Everything from the line containing "Senpur Khurd village" down to the last line below should be set down exactly, and only that, without the pictures.

BEGIN DATASET SECTION

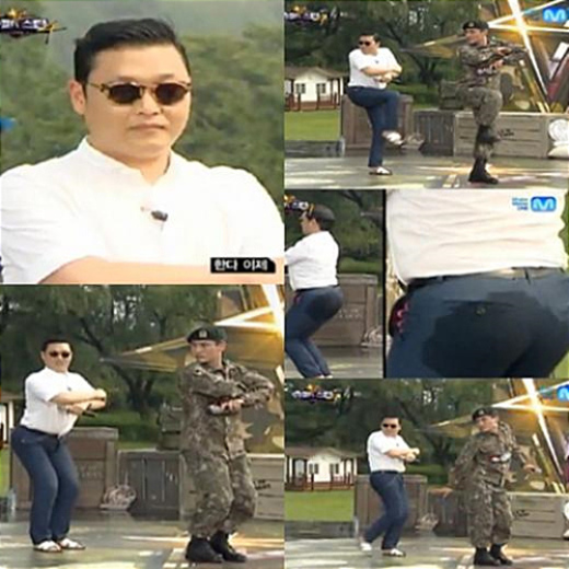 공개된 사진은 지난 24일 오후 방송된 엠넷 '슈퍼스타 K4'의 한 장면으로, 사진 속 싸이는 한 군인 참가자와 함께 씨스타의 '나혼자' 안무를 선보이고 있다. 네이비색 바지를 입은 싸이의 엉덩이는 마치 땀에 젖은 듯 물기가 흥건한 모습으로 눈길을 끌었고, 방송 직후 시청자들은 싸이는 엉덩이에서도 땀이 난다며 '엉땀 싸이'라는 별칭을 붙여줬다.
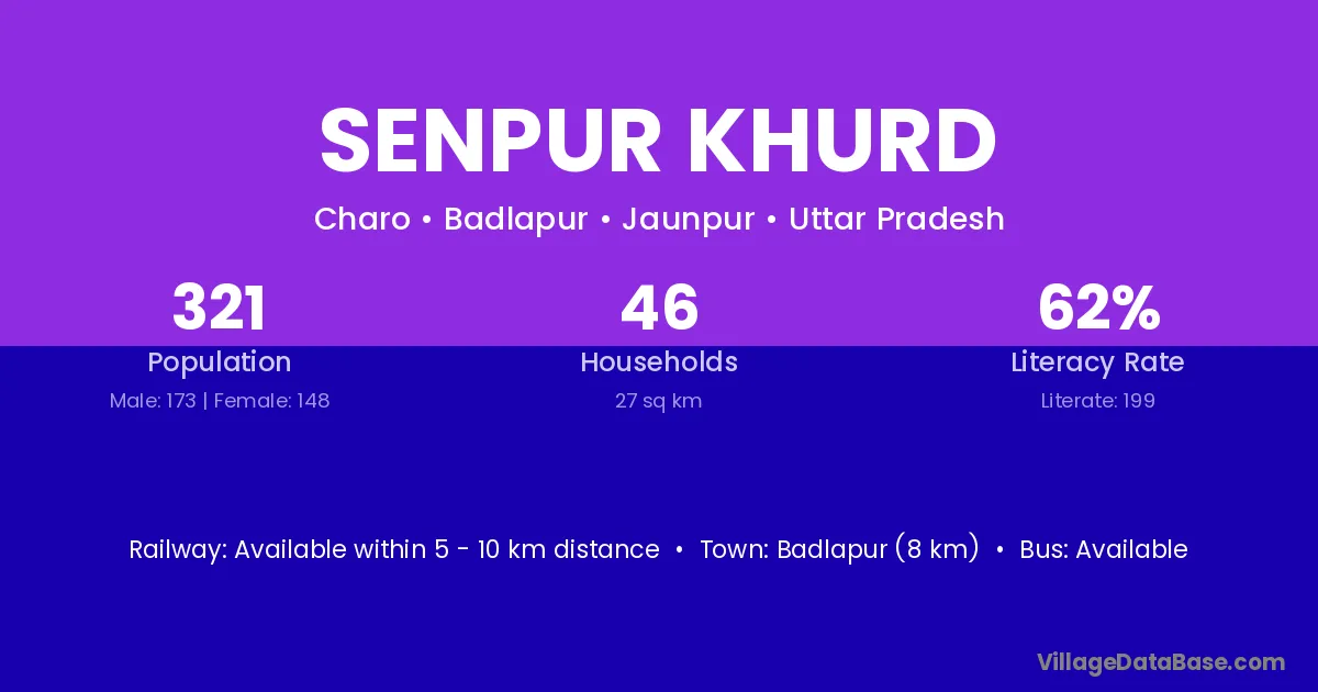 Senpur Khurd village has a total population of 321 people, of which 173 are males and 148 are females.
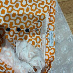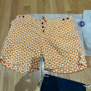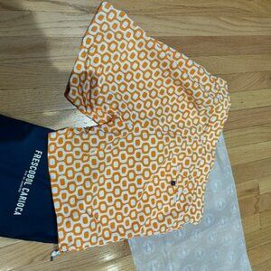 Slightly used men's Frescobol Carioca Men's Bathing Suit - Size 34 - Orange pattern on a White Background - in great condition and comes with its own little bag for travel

END DATASET SECTION

*OUTPUT BELOW*.
 Senpur Khurd village has a total population of 321 people, of which 173 are males and 148 are females.
 Slightly used men's Frescobol Carioca Men's Bathing Suit - Size 34 - Orange pattern on a White Background - in great condition and comes with its own little bag for travel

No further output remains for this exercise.